The pipeline decomposes as follows:
- Intent and specification extraction — unstructured customer input → structured product specification
- Catalogue retrieval — structured spec → candidate products from supplier catalogues
- Vetting and ranking — candidate set → vetted, ranked shortlist
- Pricing — vetted product → landed cost estimate
- Listing generation — product + pricing → customer-facing content
Each of these has a different input type, a different output type, and a different error mode. Treating them as one problem produces a system that is hard to debug, hard to improve, and likely to fail in ways that are impossible to attribute.
Stage 1: Specification extraction
The customer’s input is natural language. The pipeline needs a structured object — something like a product category, a set of key attributes and constraints, a budget signal if present, and a quantity. For example:
{
"category": "commercial blender",
"attributes": {
"use_context": "restaurant kitchen",
"duty_cycle": "heavy-duty",
"quantity": 3
},
"budget_kes": 80000,
"budget_per_unit_kes": 26667
}
This is a named entity recognition (NER) and slot-filling problem. The classical ML approach would be a fine-tuned sequence labelling model. A viable approach in the contemporary technological era is a general-purpose LLM with a well-constructed extraction prompt and structured output mode (JSON schema enforcement).
The reasons are practical. A fine-tuned NER model requires labelled training data you almost certainly do not have at the volume needed, degrades on out-of-distribution phrasing, and needs retraining when product categories expand. A prompted LLM generalises to novel categories, handles multilingual input (Swahili/English code-switching is common in this market), and can be improved by refining a prompt rather than retraining a model.
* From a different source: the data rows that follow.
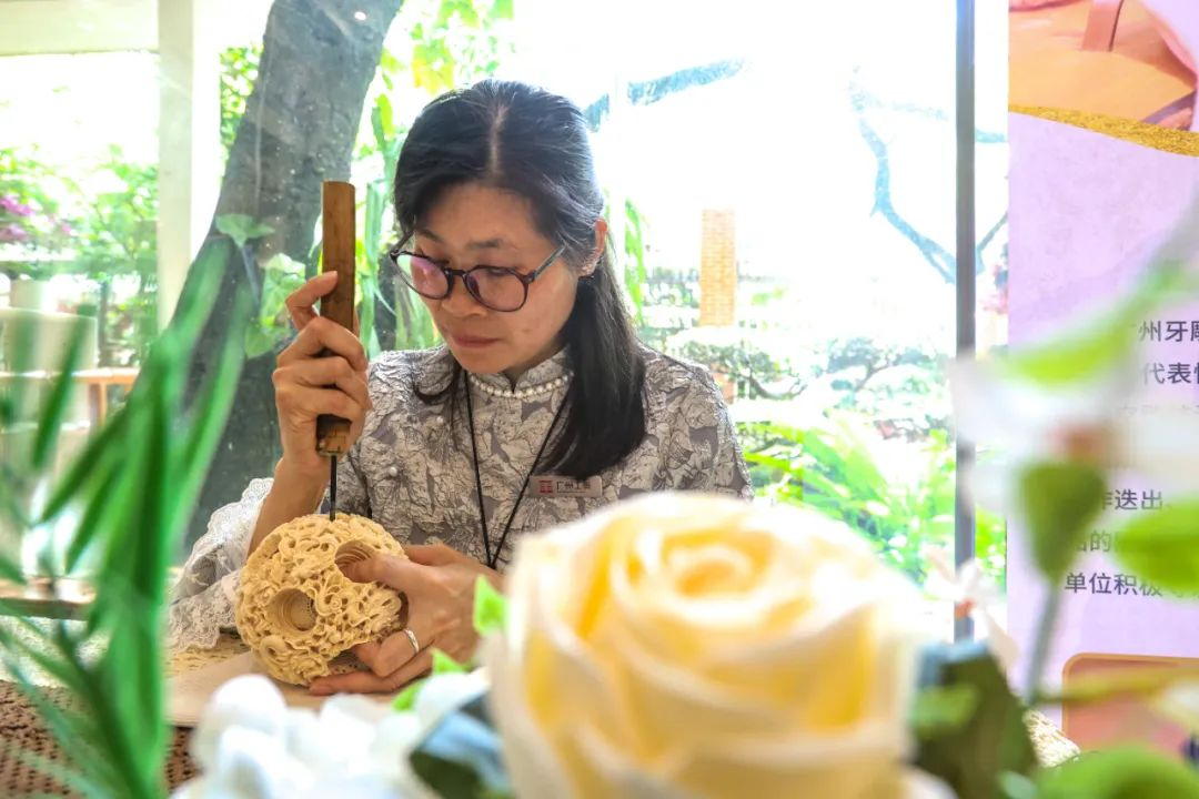 兰圃化身广府非遗传承大舞台,广州牙雕、象牙微雕、素馨花传说、古琴艺术(岭南派)、通草画、广州榄雕、广绣、董氏奇穴针法、蒸馏酒传统调味技艺等非遗项目汇聚,通过“展、演、创、传”联动,为群众奉上一场可触、可感、可传的广府文化沉浸式非遗盛宴。5天共吸引进园人数超1.5万人次,较平日入园人数增长130%,带动园内文创商品营业额达3.5万元。
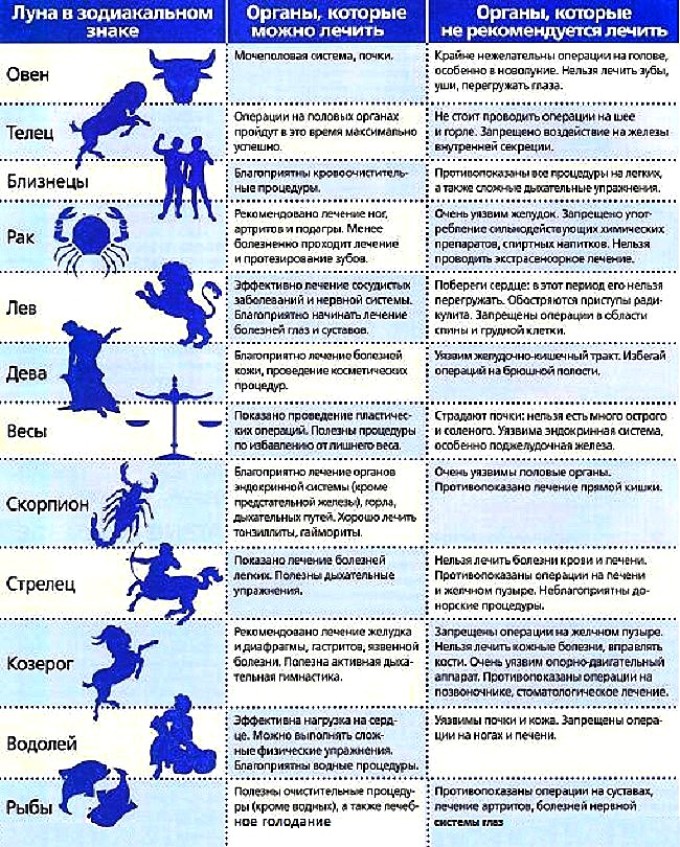 Дева | Луна убывает | На коже, пластические, косметические операции, мероприятия по очищению крови | В области брюшной полости, двенадцатиперстной кишки, нижней доли печени, желчного и мочевого пузыря, селезенки, желудка, кишечного тракта, толстого и тонкого кишечника, поджелудочной железы, почках, системы кровообращения Нельзя удалять аппендицит, делать колонотерапию |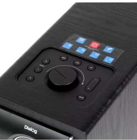Система Dialog AP-2500 Progressive оснащена USB-интерфейсом для воспроизведения музыки, FM-приемником, небольшим дисплеем и функцией караоке. Соединение с другими устройствами осуществляется через интерфейсы RCA, S/PDIF и jack 6.3 mm.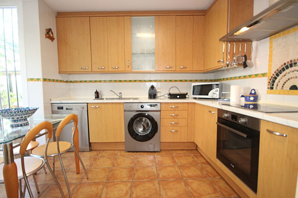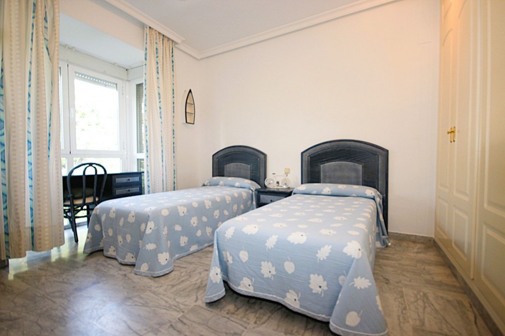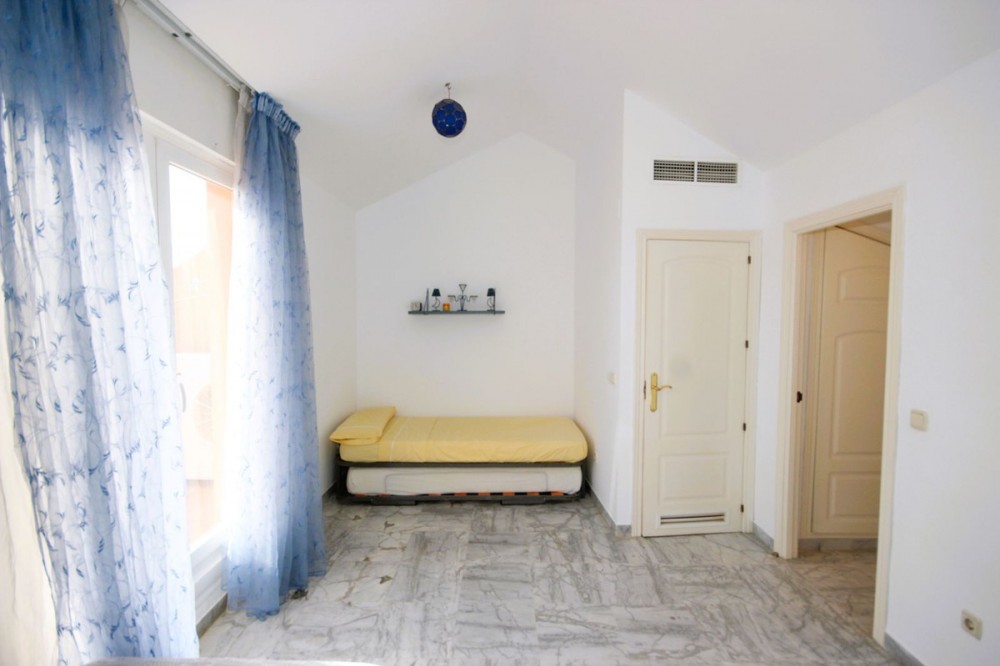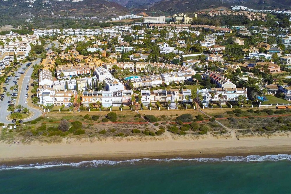 - Nestled within one of Bahía de Marbella's most sought-after beachfront urbanizations, this stunning townhouse offers an unparalleled coastal living experience. Imagine waking up to the sound of the waves and having direct, private access to the golden sands of the beach just steps from your door. This exclusive community provides peace of mind with 24-hour security, ensuring a safe and serene environment for you and your family. The meticulously manicured lush gardens create a vibrant oasis, complemented by an extraordinarily large and beautiful swimming pool, perfect for leisurely dips on warm Mediterranean days. A Home Designed for Comfort and Elegance Step inside this meticulously designed townhouse and discover a harmonious blend of comfort and style across multiple levels. Boasting three generously sized bedrooms and three modern bathrooms, plus a convenient guest toilet, there's ample space for family and friends. Thoughtful Layout Across Three Floors: Ground Floor: The heart of the home, featuring a bright and inviting living-dining room. This open-plan space seamlessly connects to the main private terrace, ideal for al fresco dining or simply enjoying the tranquil surroundings. A contemporary, fully equipped kitchen and a guest toilet complete this level. First Floor: Dedicated to comfort and privacy, this floor offers two spacious bedrooms, each benefiting from its own luxurious en-suite bathroom. Second Floor: Ascend to the pinnacle of relaxation – the master bedroom suite. This private sanctuary includes a well-appointed en-suite bathroom and its own private terrace. From here, you'll savour panoramic views of the vibrant gardens below and the majestic mountains in the distance, providing a picturesque backdrop to your daily life. Basement: huge basement parking space, providing secure off-street parking for up to two vehicles – a true luxury in a beachfront location. Premium Features and Unbeatable Convenience This townhouse is equipped with a host of modern amenities designed to enhance your lifestyle. Enjoy year-round comfort with hot and cold air conditioning throughout the house. Practical features like electric shutters offer convenience and added security, while Wi-Fi connectivity keeps you seamlessly connected. huge basement parking space, providing secure off-street parking for up to two vehicles – a true luxury in a beachfront location. Prime Marbella Location The location couldn't be more ideal. You're just a short 5-minute drive from the vibrant heart of Marbella town, offering an array of world-class restaurants, designer boutiques, and lively entertainment options. For international travel, Málaga-Costa del Sol Airport is a convenient 35-minute drive away, making this an easily accessible retreat. This townhouse represents a rare opportunity to own a piece of paradise in one of Marbella's most desirable beachfront urbanizations. Are you ready to experience the ultimate in Mediterranean living?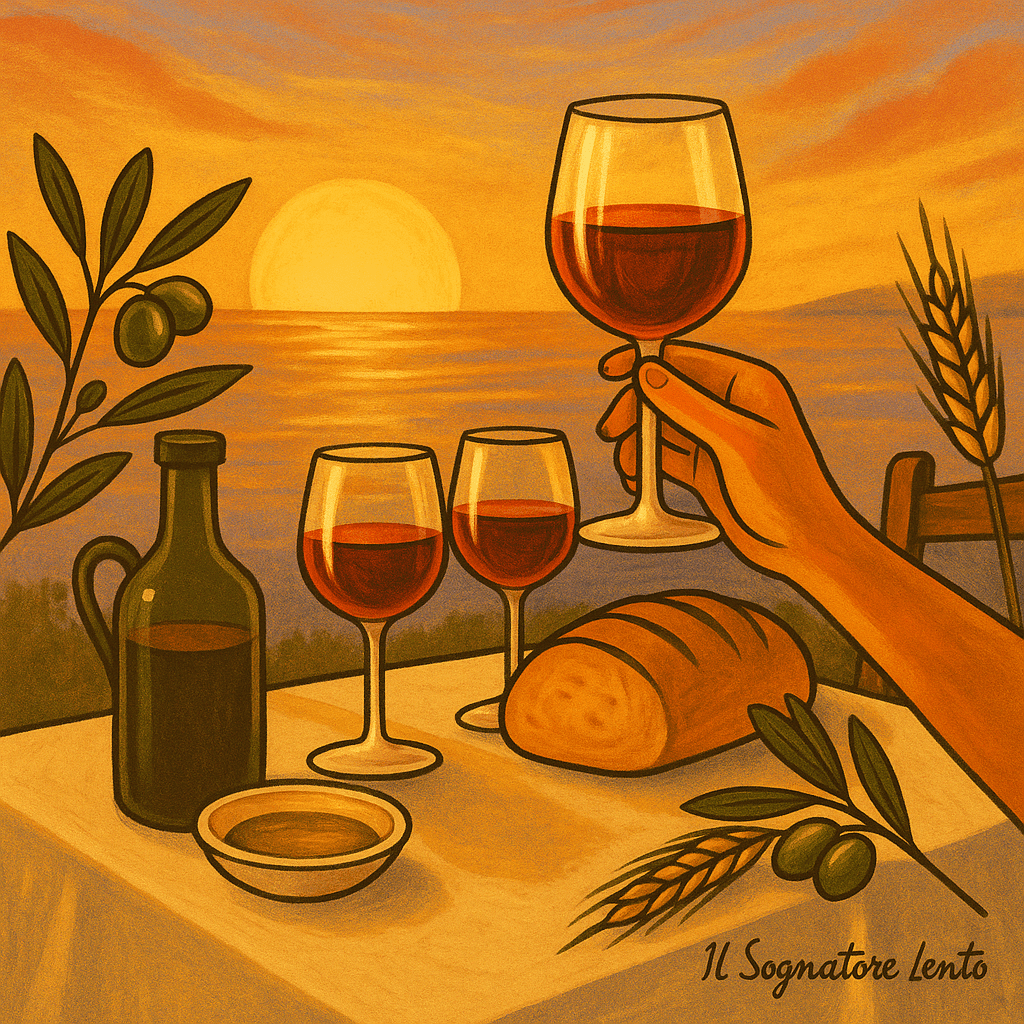Questa frase riassume perfettamente lo spirito mediterraneo: il vino è un dono, non una fuga.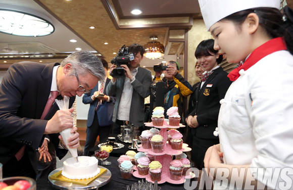 김종덕 문화체육관광부 장관이 3일 서울 중랑구에 위치한 송곡관광고등학교를 방문해 직접 케익 장식을 하고 있다. (사진=문화체육관광부)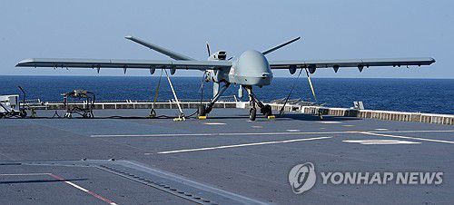 독도함에서 이륙 준비하는 무인기 '모하비' |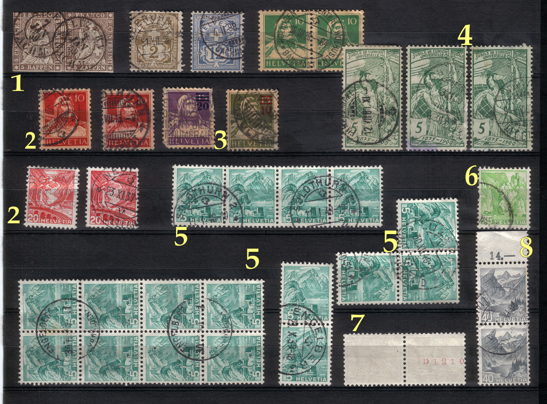 Deine Struvel auch wenn zu kurz geschnitten sehr schön , zusammenhängende Marken sammelt man oder auch nicht ich persönlich freue mich bei älteren Schweizern wenn ich Einheiten bekomme und stecke diese in ein separates Alben.

The tradeoff is latency and cost per call, but extraction is a single call with a short prompt and bounded output — it is not the bottleneck in a pipeline that involves supplier API calls.
The design principle here: use a general model where the problem space is open-ended and the training data requirement would be prohibitive. Reserve custom-trained models for where you have data and the problem is closed enough to benefit from specialisation.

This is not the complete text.